As a catalyst, silver is used in industry for the production of formaldehyde and ethylene oxide, for example.
In dentistry, silver is used in an alloy containing mercury (amalgam).

Because of its disinfecting properties, silver is nowadays also used to purify or keep clean drinking water. Especially for small amounts of water (up to 100 litres), silver (as silver nitrate) is easier to dose and apply than chlorine. Colloidal silver used to be used as an antibiotic in medicine, but is still used in alternative medicine.
In the laboratory, silver nitrate is often used as a reagent in chloride determinations, including for precipitation titrations. The insoluble silver chloride is formed.

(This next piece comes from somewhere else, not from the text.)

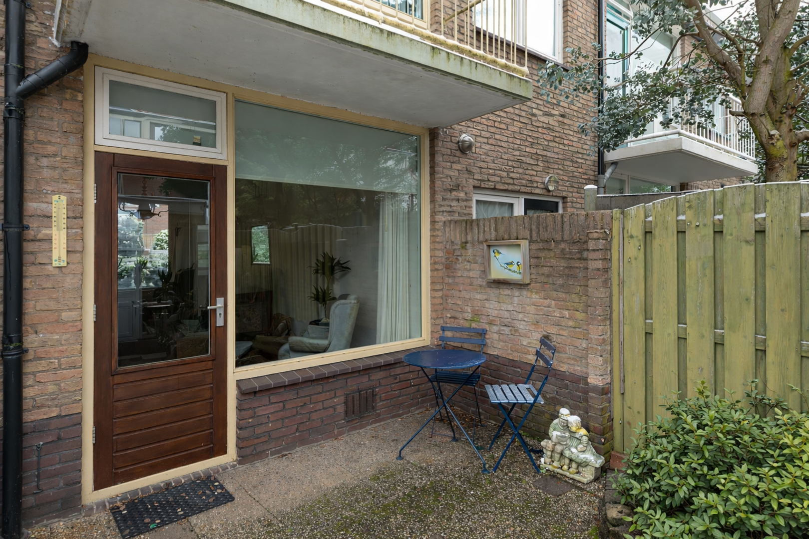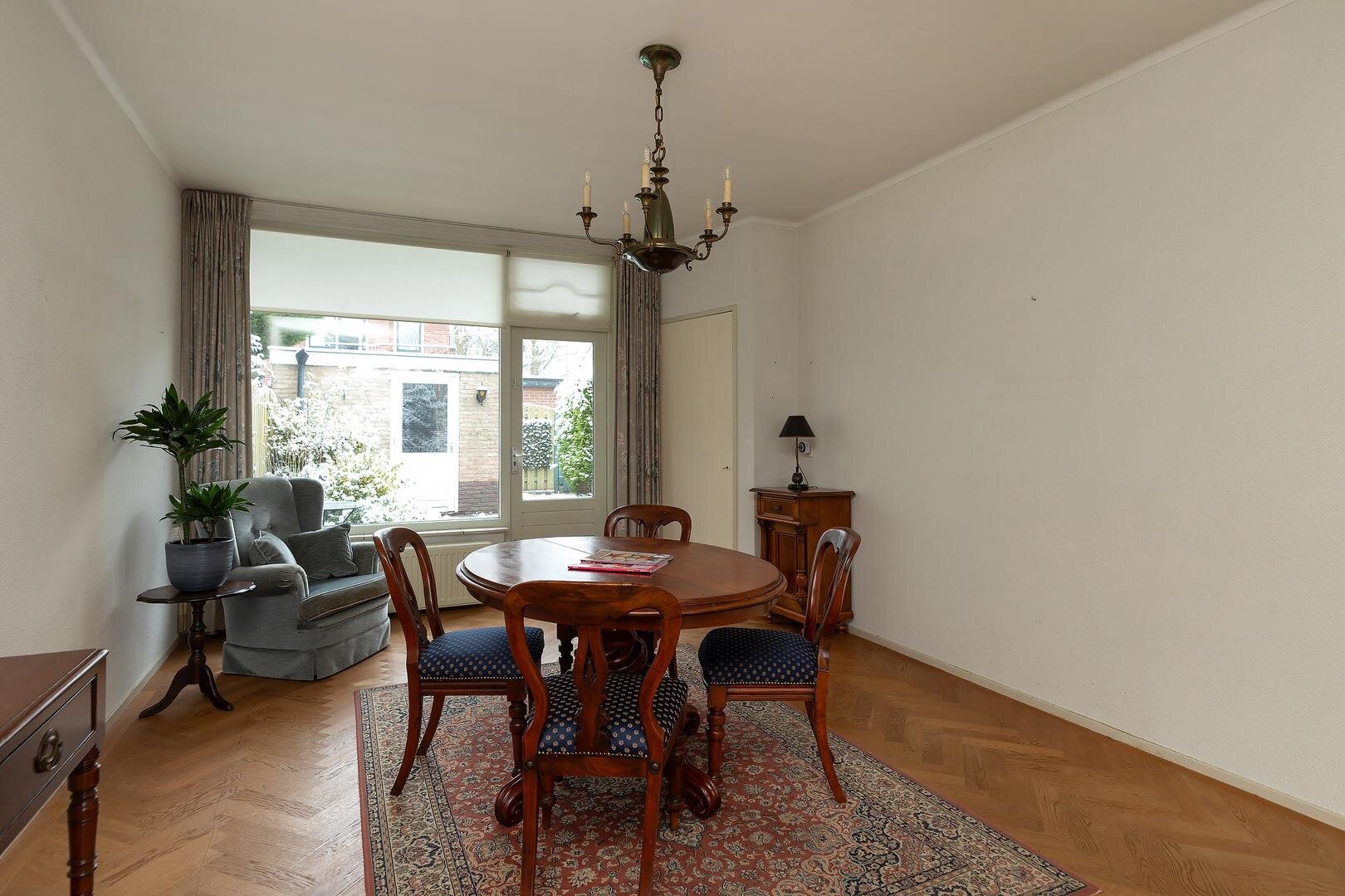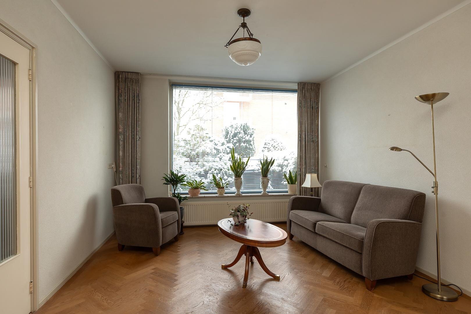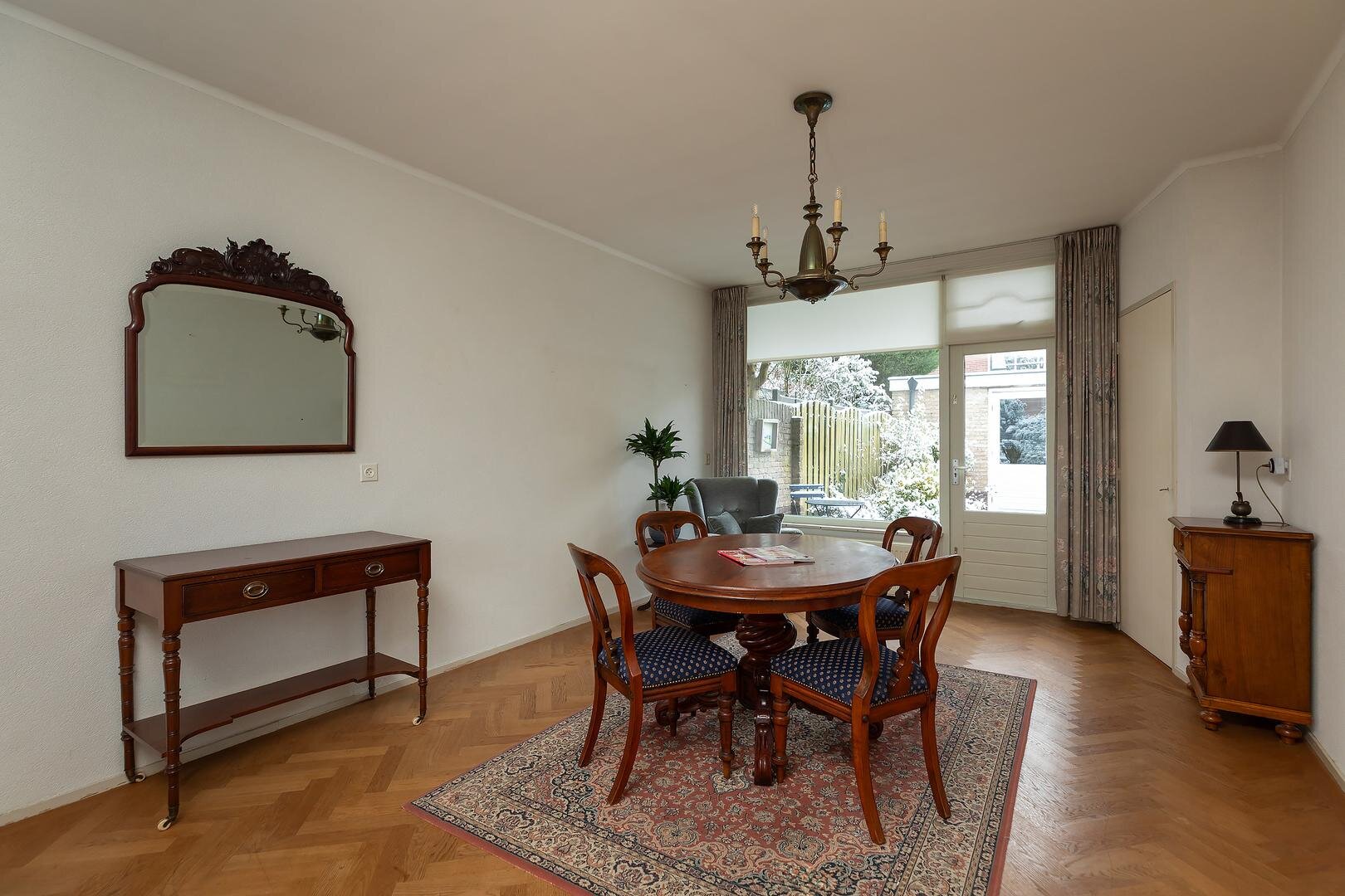Entree/hal, toilet met fonteintje, verdiepte kelderkast met meterkast, gesloten keuken met deur naar achtertuin, woon/eetkamer met visgraat parketvloer, vaste kast en deur naar de achtertuin. De tuin is tevens via een achterom te bereiken en heeft een stenen schuur.

Silver is used as a silver halide in photography.
Finely atomized silver iodide is used to make rain and to reduce fog around airports. Silver iodide is responsible for the aggregation of small water droplets that form the clouds.

Remarkable properties
Silver is an easy to work (bendable) metal that is slightly harder than gold and has a white sheen. Of all metals, silver has the best electrical conductivity and the lowest transition resistance, better than copper and gold. Gold, on the other hand, is used more often because it does not corrode. In addition, of all metals, silver conducts heat best and has the highest optical reflection (at least as far as visible light is concerned; ultraviolet light reflects badly). Silver halides are sensitive to light. The metal is stable in clean air and water, but when exposed to ozone or hydrogen sulphide it discolours. In the event that silver comes into contact with sulphur or its compounds, a black layer of silver sulphide forms.

Content
The lustre of silver makes it a sought-after metal for jewellery and silver objects such as cutlery, bowls, candlesticks and trays. These objects often have stamped quality marks such as: a year-letter mark, a master mark and a halt mark. The hallmark was issued after a test by a guarantee institution appointed by the government.